Yep Amigo...hit the nail firmly on the head...not sure DSN is happy with her authority being challenged...have a much better relationship with GP...going to appointment...ready for Grizelda on Monday...just watch this space...enjoy your weekend...thanks.


----------



## Amigo (Apr 21, 2017)

I wouldn't give up now Bubbsie, not now the GCC have given consent and your GP is in agreement. I'm used to these rotten health and funding battles and in the end it comes down to strategy. I'd arrange an appointment with the DSN and be very calm but resolute. I'd be asking her why, if the GCC and your GP are in agreement to this method of managing your diabetes, why she isn't? Ask her what's motivating her to object? Put the ball in her court. Nobody likes to be seen as unreasonable for the sake of it. 

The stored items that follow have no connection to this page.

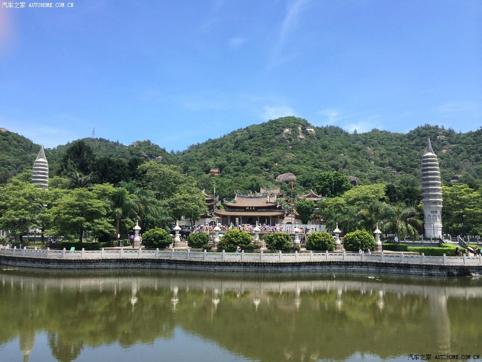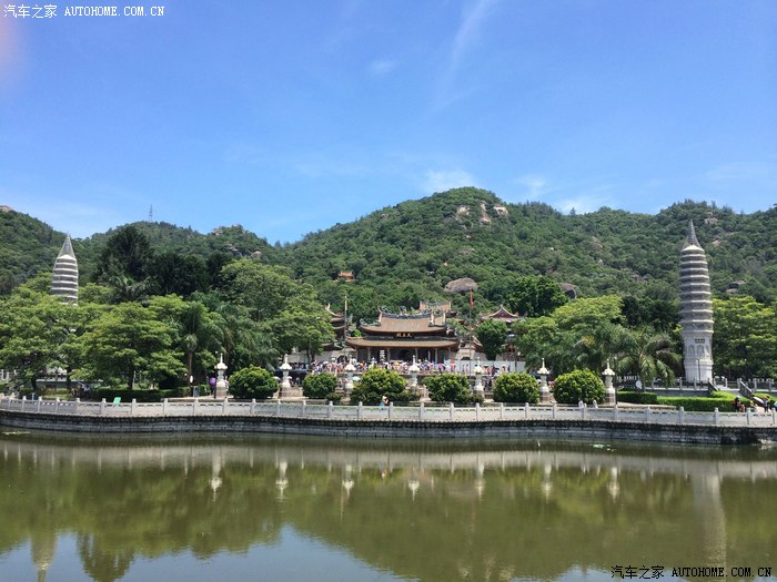 南普陀寺小巧玲珑,正中是高高在上的天王殿,台阶下方是一个长方形的放生池,神龟们悠闲地晒着太阳,池子两侧各有一个高高的白塔,寺中绿树茂盛,背靠青山,繁华的都市中的一方幽静之所。
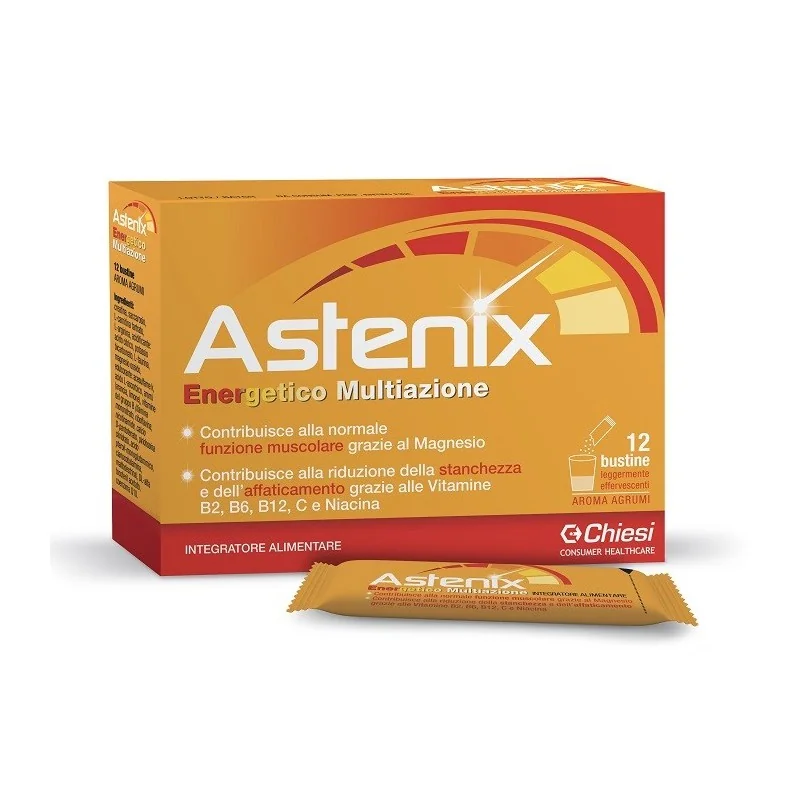 Astenix è un integratore alimentare ad attività proenergetica costituito da creatina, carnitina, arginina, taurina, vitamine del gruppo B, potassio, magnesio, vitamine C ed E, coenzima Q10.
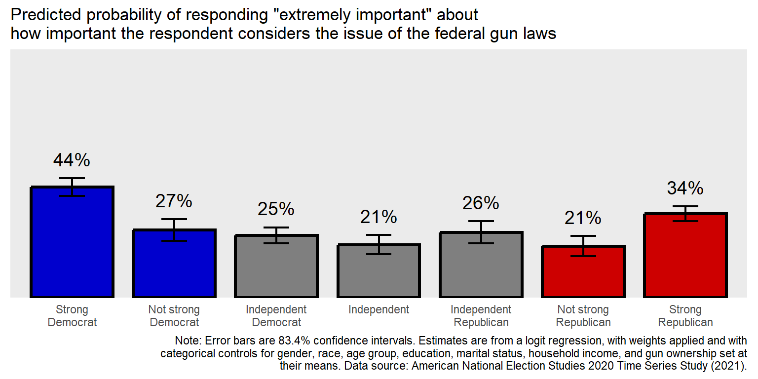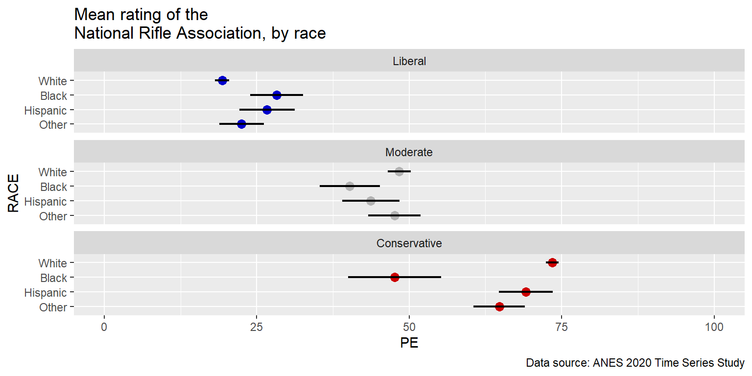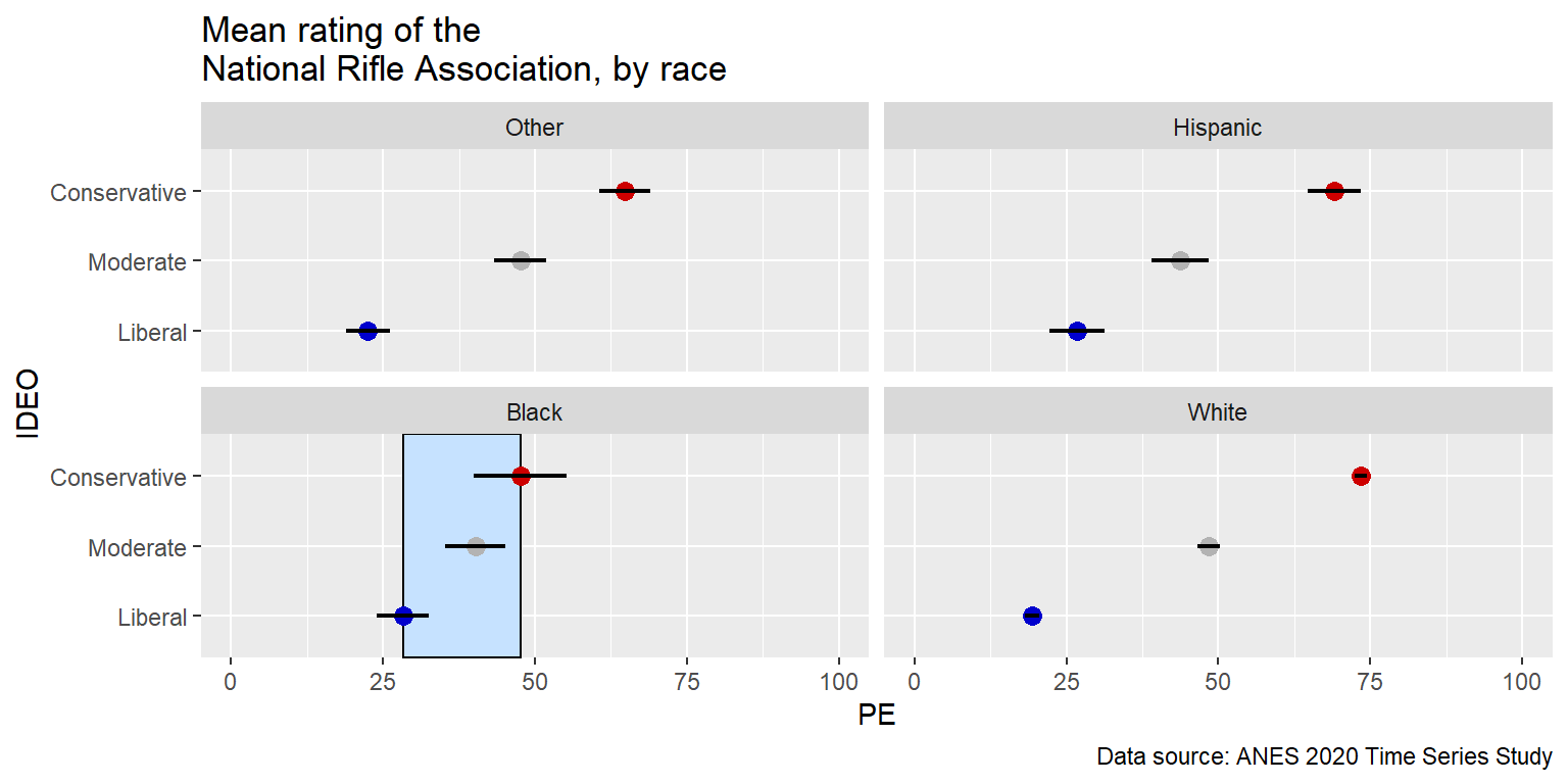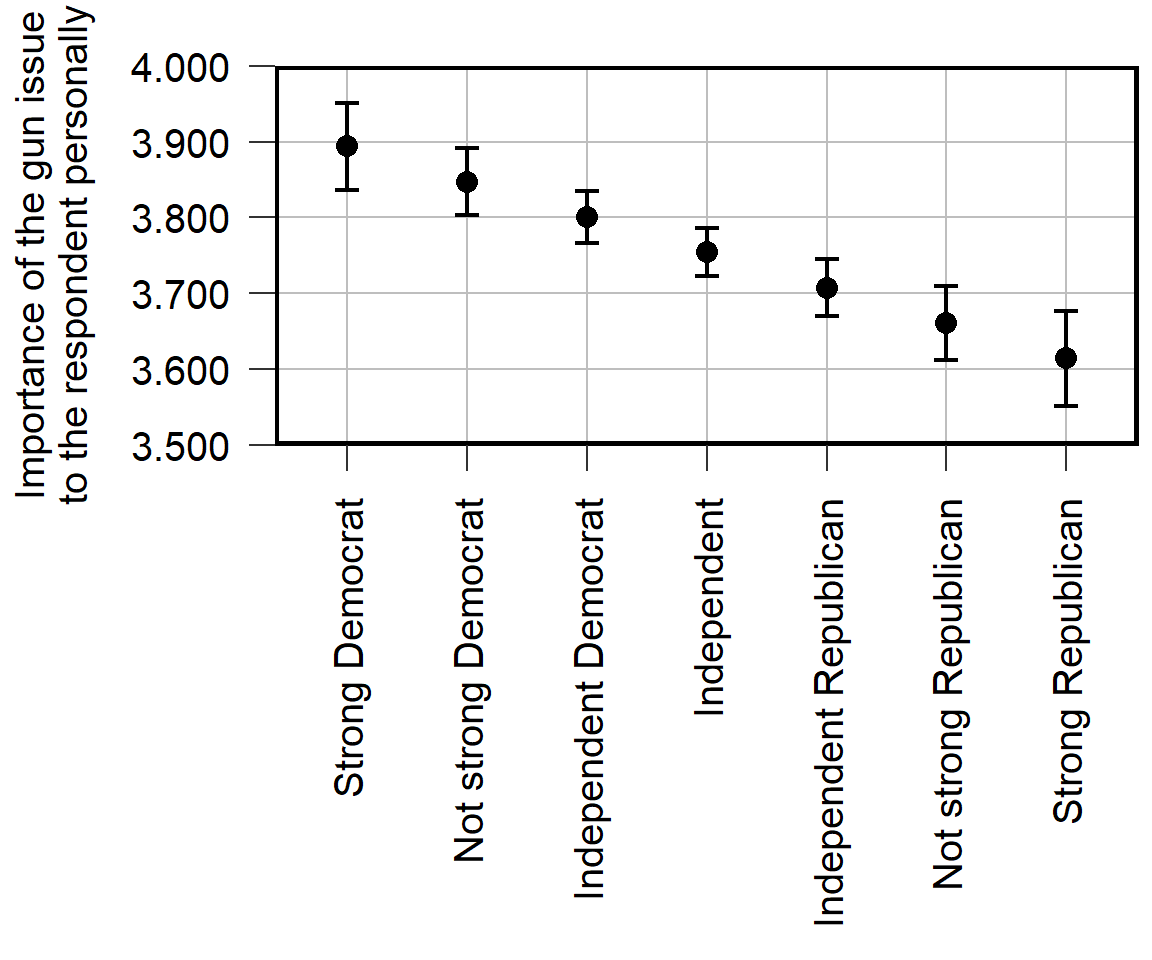 Use measures and scales that communicate substantive sizes. For the plot, the point estimate is about 3.9 for strong liberals and about 3.6 for strong conservatives. Is that a large difference? The plot isn’t clear what the scale is, so it’s not clear how much the plotted difference matters.
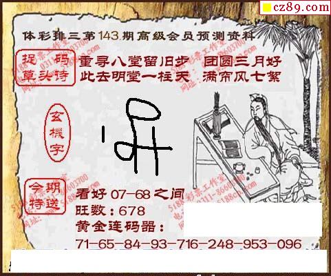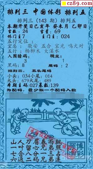 2020年143期牛彩网体彩P3画迷图谜汇总分享
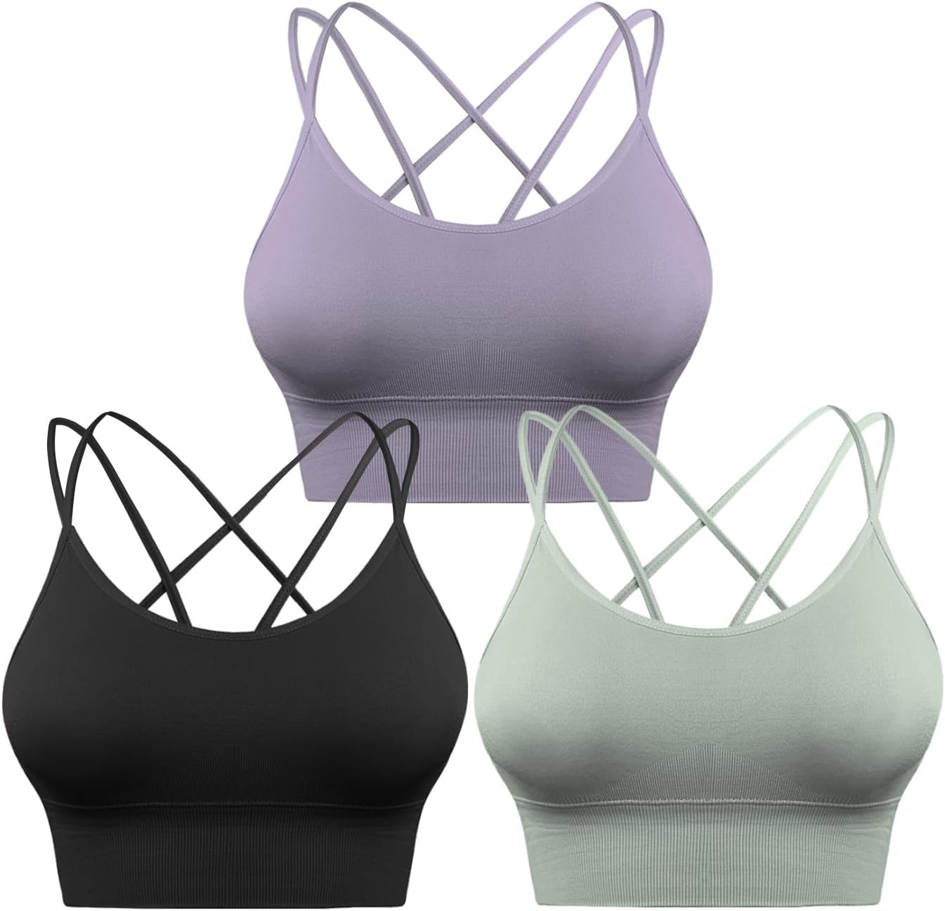 Sykooria 3 Pack Strappy Sports Bra for Women Sexy Crisscross for Yoga Running Athletic Gym Workout Fitness Tank Tops

Good luck though, these things take their toll.


----------



## Bubbsie (Apr 21, 2017)

Amigo said:


> I wouldn't give up now Bubbsie, not now the GCC have given consent and your GP is in agreement. I'm used to these rotten health and funding battles and in the end it comes down to strategy. I'd arrange an appointment with the DSN and be very calm but resolute. I'd be asking her why, if the GCC and your GP are in agreement to this method of managing your diabetes, why she isn't? Ask her what's motivating her to object? Put the ball in her court. Nobody likes to be seen as unreasonable for the sake of it.
> 
> Good luck though, these things take their toll.


Have an appointment with her on Monday...initially was going to cancel...now going...ready for her...all above points will be considered...put to her...yes...starting to take it's toll...had such a difficult job yesterday...had to push myself hard to concentrate...will also discuss with GP on his return...update on Monday...thanks.


----------



## Bubbsie (Apr 21, 2017)

Mrs Mad Ronin said:


> I am sorry you are going through this. It's so annoying when you end up having to fight for the right care etc when the last thing you need is the stress of doing just that.I hope you get this sorted asap


Thanks MMR...almost there...just one more hurdle...enjoy your weekend.


----------



## AndBreathe (Apr 21, 2017)

@Bubbsie - To be honest, I think you have to go on Monday and give them the opportunity to choose the way forward.  

If she swaps your meter ton one they routinely prescribe strips for, fair enough.  They're all a variation on a theme, and as T2s, we're looking at and for trends, rather than becoming fixated by specific numbers.  If, however, she decides it's not necessary, or that 5 strips per millennium is an adequate testing regime, then all you need to is pick up with the CCG again, copying your GP into the correspondence.  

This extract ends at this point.